--- Given information ---

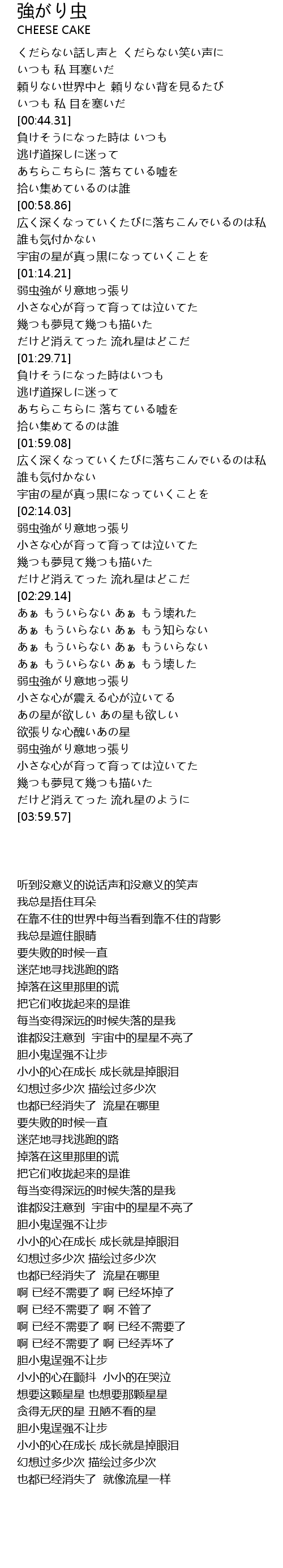 | [02:14.40] | 弱虫強がり意地っ張り |
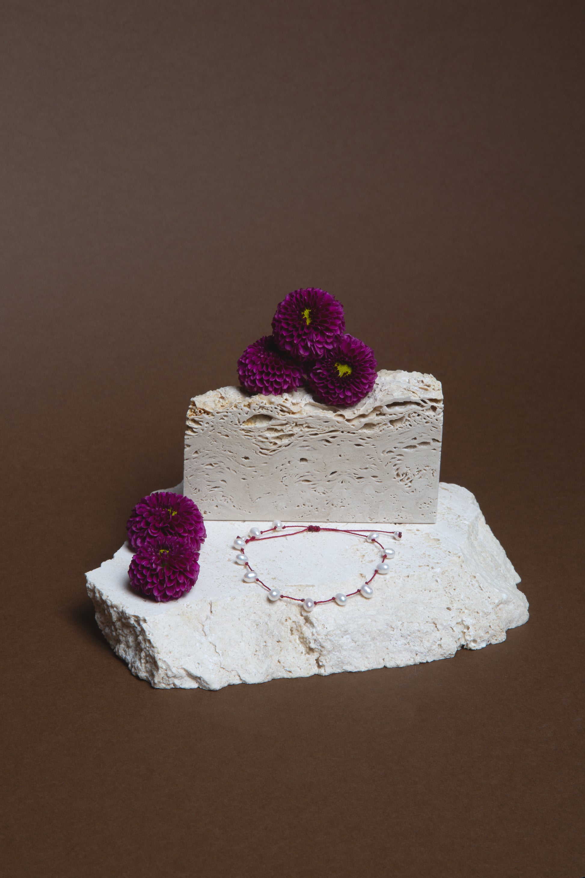 Braccialetto regolabile con perle bianche di media misura e filo rosso.
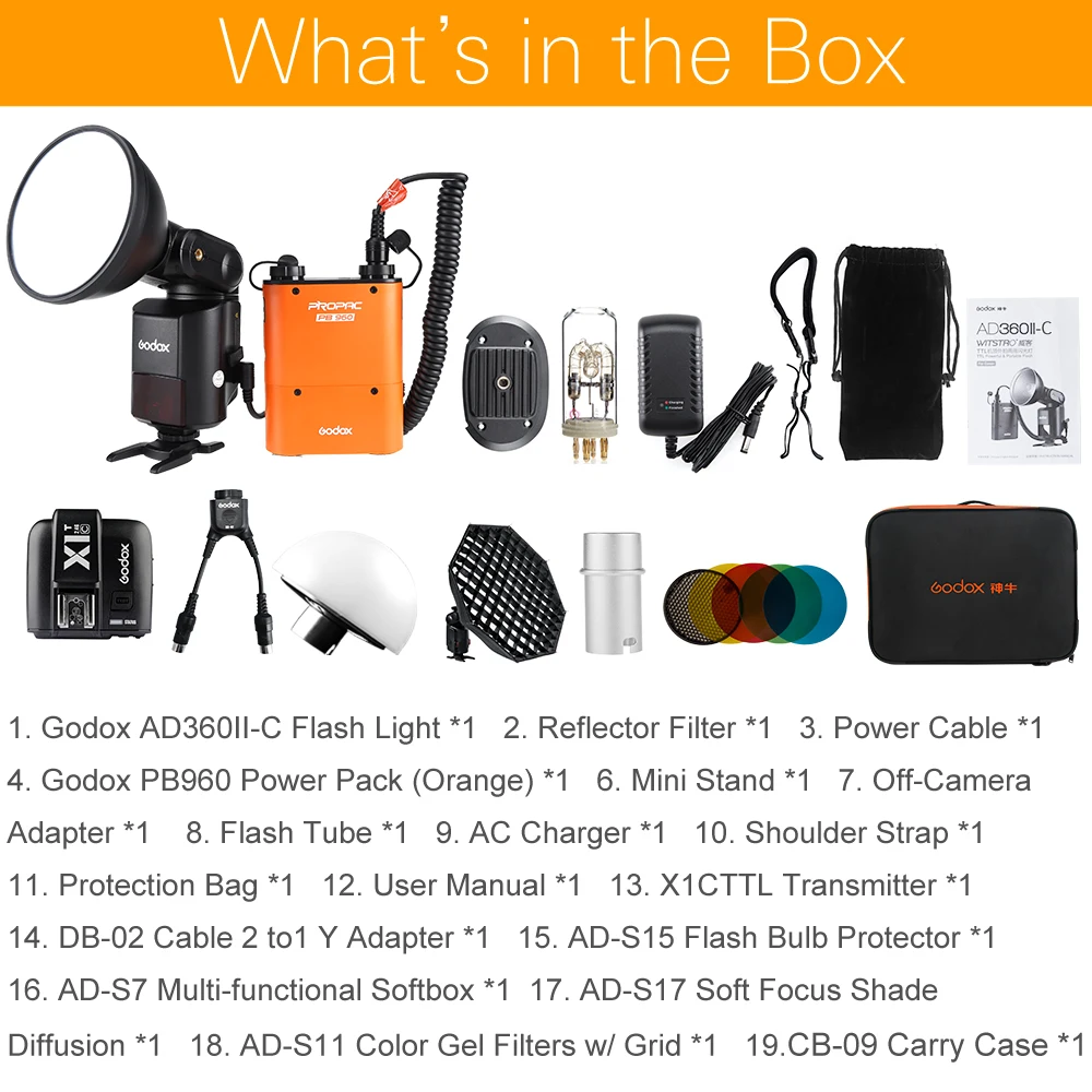 Godox AD360II-C TTL Power ful Speedlite Flash + PB960 блок питания оранжевый + X1T-C TTL передатчик + цифровой софтбокс + CB-09 сумка для переноски
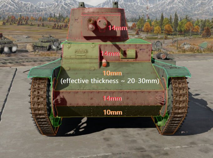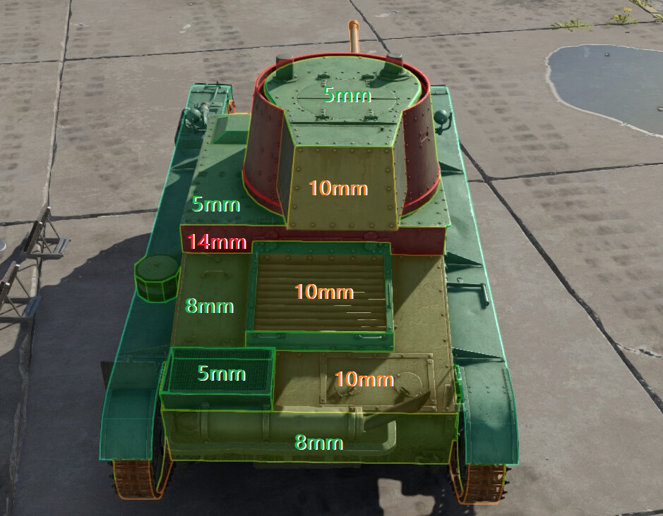 The back and top of this vehicle are not very well protected. The roof is only 5 mm thick, which can stop light armaments from aircraft from longer ranges but heavier weapons such as the 12.7 mm M2 Browning machine gun used on American planes can easily penetrate it, often wounding or even killing the gunner and loader. The plate supporting the turret is also thin (5 mm), but fortunately there are no critical components underneath. At the rear, most plates are 10 mm thick, providing adequate protection against light armament. However, on the left side there is a plate only 8 mm thick, which makes engine protection even worse. The vertical plate protecting the rear from ground fire is also 8 mm thick, meaning it can be easily penetrated.

---

§ **Your goal**: Apart from the images, retype the full material exactly as written.

§ **Response**:
 | [02:14.40] | 弱虫強がり意地っ張り |
 Braccialetto regolabile con perle bianche di media misura e filo rosso.
 Godox AD360II-C TTL Power ful Speedlite Flash + PB960 блок питания оранжевый + X1T-C TTL передатчик + цифровой софтбокс + CB-09 сумка для переноски
 The back and top of this vehicle are not very well protected. The roof is only 5 mm thick, which can stop light armaments from aircraft from longer ranges but heavier weapons such as the 12.7 mm M2 Browning machine gun used on American planes can easily penetrate it, often wounding or even killing the gunner and loader. The plate supporting the turret is also thin (5 mm), but fortunately there are no critical components underneath. At the rear, most plates are 10 mm thick, providing adequate protection against light armament. However, on the left side there is a plate only 8 mm thick, which makes engine protection even worse. The vertical plate protecting the rear from ground fire is also 8 mm thick, meaning it can be easily penetrated.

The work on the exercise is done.